European business has improved out of recognition

WHAT with accounting scandals at Ahold and Parmalat, bribery allegations against Siemens, corruption at Mercedes, Brazilian prostitutes laid on for a Volkswagen board member and a legal challenge to a pay-off bonus at Mannesmann, European business has been having a torrid time lately. Now a criminal investigation has been launched into alleged insider share dealing at a sensitive time at EADS last spring. Meanwhile protectionism has blocked cross-border takeovers, and labour-market reforms in France and Germany have stalled.

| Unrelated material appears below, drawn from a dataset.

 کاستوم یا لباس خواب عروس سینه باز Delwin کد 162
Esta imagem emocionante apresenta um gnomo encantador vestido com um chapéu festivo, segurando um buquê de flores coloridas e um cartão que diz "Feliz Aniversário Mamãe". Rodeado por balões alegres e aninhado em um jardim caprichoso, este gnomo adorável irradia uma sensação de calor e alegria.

But at the same time European business and finance has seen huge changes for the better. Europe's strength in financial services is evident not just in the City of London, which since the Big Bang liberalisation of British finance 20 years ago has expanded into the old docklands area of Canary Wharf to accommodate the flood of foreign banks that have poured into London. Strong contenders are beginning to emerge in continental Europe too. Retail banking is still too fragmented along national lines, but rationalisation in insurance has created global outfits such as France's AXA, Germany's Allianz and Italy's Generali.

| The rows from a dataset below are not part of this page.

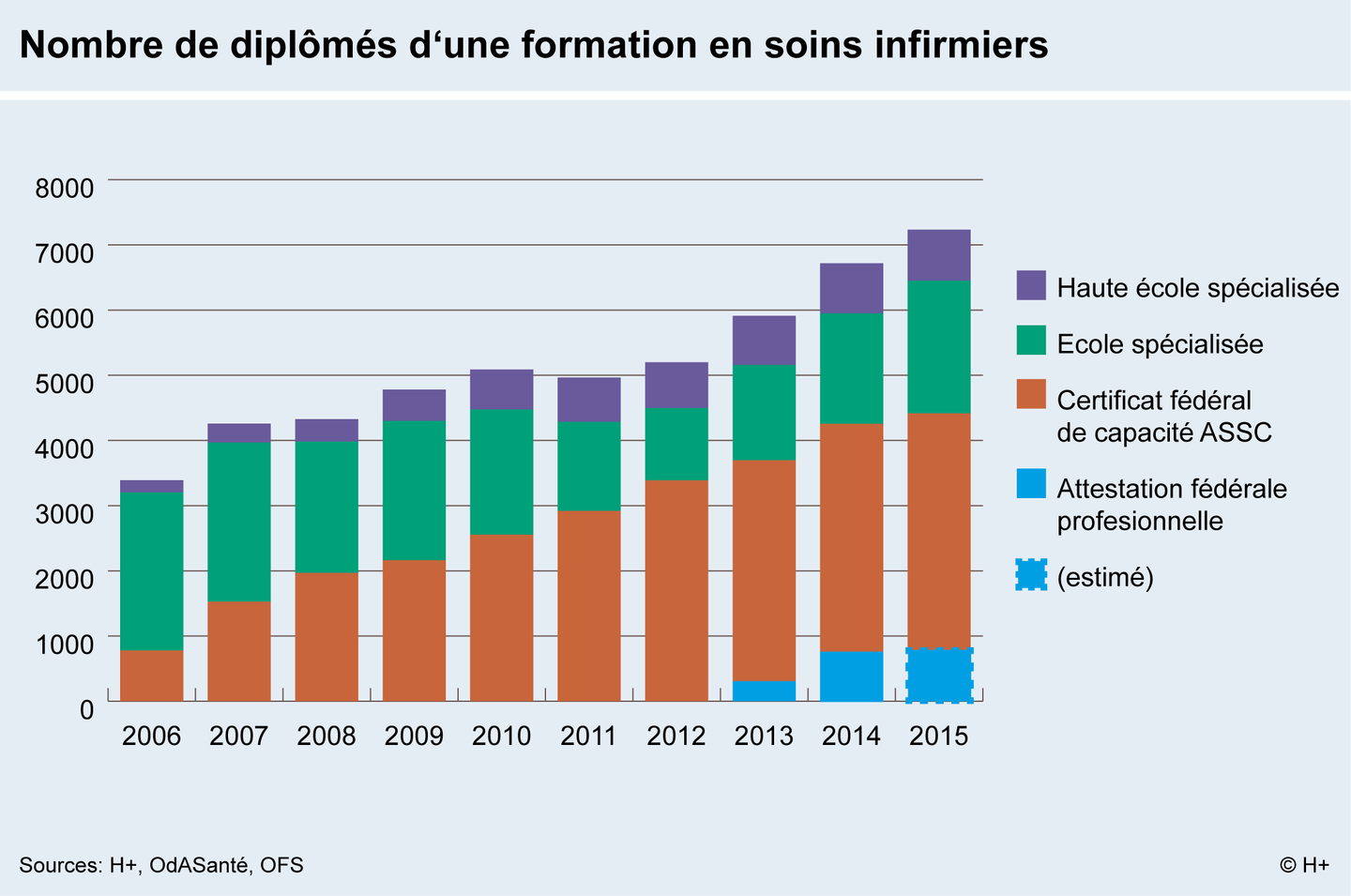 Le nombre de diplômes dans le domaine des soins infirmiers a plus que doublé entre 2006 et 2015 (+115%), passant de 3’390 à 7’275. Le groupe principal est constitué par les diplômes d’assistant en soins et santé communautaire (ASSC): on en dénombrait 3'650 en 2015 (50%). Suivent les diplômes des écoles supérieures (ES) avec 2’050 (28%), puis ceux d’aide en soins et accompagnement (AFP), dont le nombre est estimé à 790 (11%), et enfin les diplômes HES avec 785 (11%). Les diplômes d’ASSC ont affiché aussi la plus grande progression (+370%), devant ceux des HES (+320%).
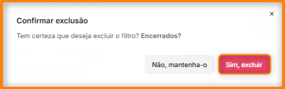 O filtro será excluído, e não aparecerá mais como um submenu dentro do menu Conversas
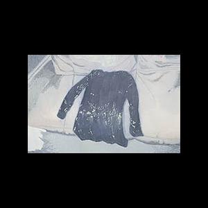 A still life painting depicting a birds eye view of a black dress on a sofa. Subdued and supressed tones.
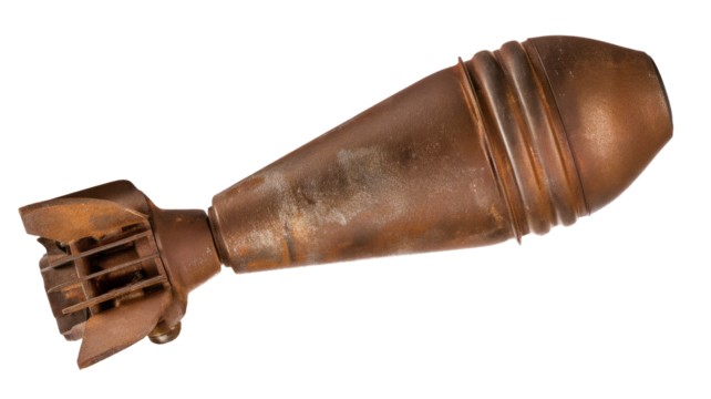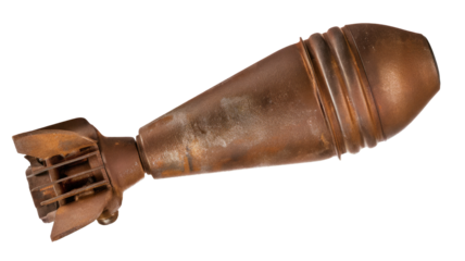 Projectile, bomb, rocket isolated on white background. Large exploding military weapon, dropped from the air. The shell of the second world war.

Compared with America, Europe is doing very well in many service industries. Nokia, Sony Ericsson, Vodafone and Telefonica are global forces in mobile telephony. Europe's airlines make money whereas America's stagger in and out of bankruptcy. At least two failing European flag-carriers, Sabena and Swissair, were allowed to go irrevocably bust, and Air France and KLM have successfully merged. British Airways, one of the world's most profitable airlines, has a market capitalisation one and a half times that of American Airlines, the world's biggest carrier by number of passengers. EasyJet and Ryanair, two low-cost airlines, took an American business model and made it fly, and about 50 start-ups are trying to do the same. European logistics and freight giants such as DHL, TNT and Kuehne + Nagel are challenging America's Fedex and UPS.

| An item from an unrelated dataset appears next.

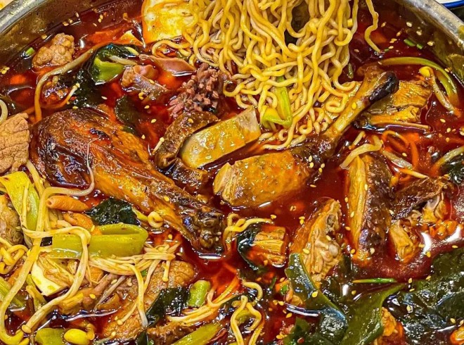 到了當(dāng)下,冒烤鴨變得更加標(biāo)準(zhǔn)化、零售化、便捷化,它走的是“紅湯+冒菜”的方式,品牌總部給門店發(fā)真空烤鴨、底料,門店切塊丟入湯底煮熟再端給顧客即可,這類模式把冒烤鴨做成了一鍋大雜燴的冒菜品類,比如顧客可以在鍋底加方便面、毛肚、土豆等火鍋類的食材。
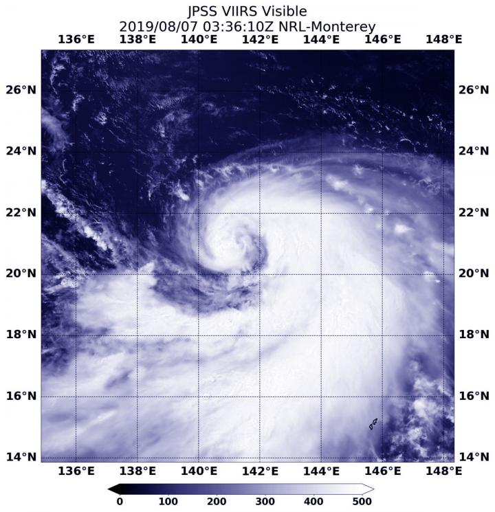 image: NOAA's NOAA-20 polar orbiting satellite passed over the Northwestern Pacific Ocean and captured a visible image of Tropical Storm Krosa on Aug. 7, 2019.

At the same time Europe is becoming ever more integrated into the global economy, with emerging countries such as Brazil and India adding to the inward investment into the continent that has traditionally come from America and Japan. Next it will be the Chinese investing in Europe as they set up distribution and marketing networks for their own products.

European manufacturing companies too have begun to overhaul themselves. In addition to the radical reshaping at companies such as Philips and Siemens, the car industry has recast itself from a regional into a global mould, led by BMW, Mercedes and Audi. Renault became global through its partnership with Nissan and might yet be the saviour of Ford. Volkswagen is a leader in the Chinese market. Japanese and South Korean investment in Europe is forcing local firms to match the incomers' productivity and quality. Katsuaki Watanabe, chief executive of Toyota, the world's best car company, has acknowledged that even his firm has to try harder to keep up with these new rivals. It is globalisation in action.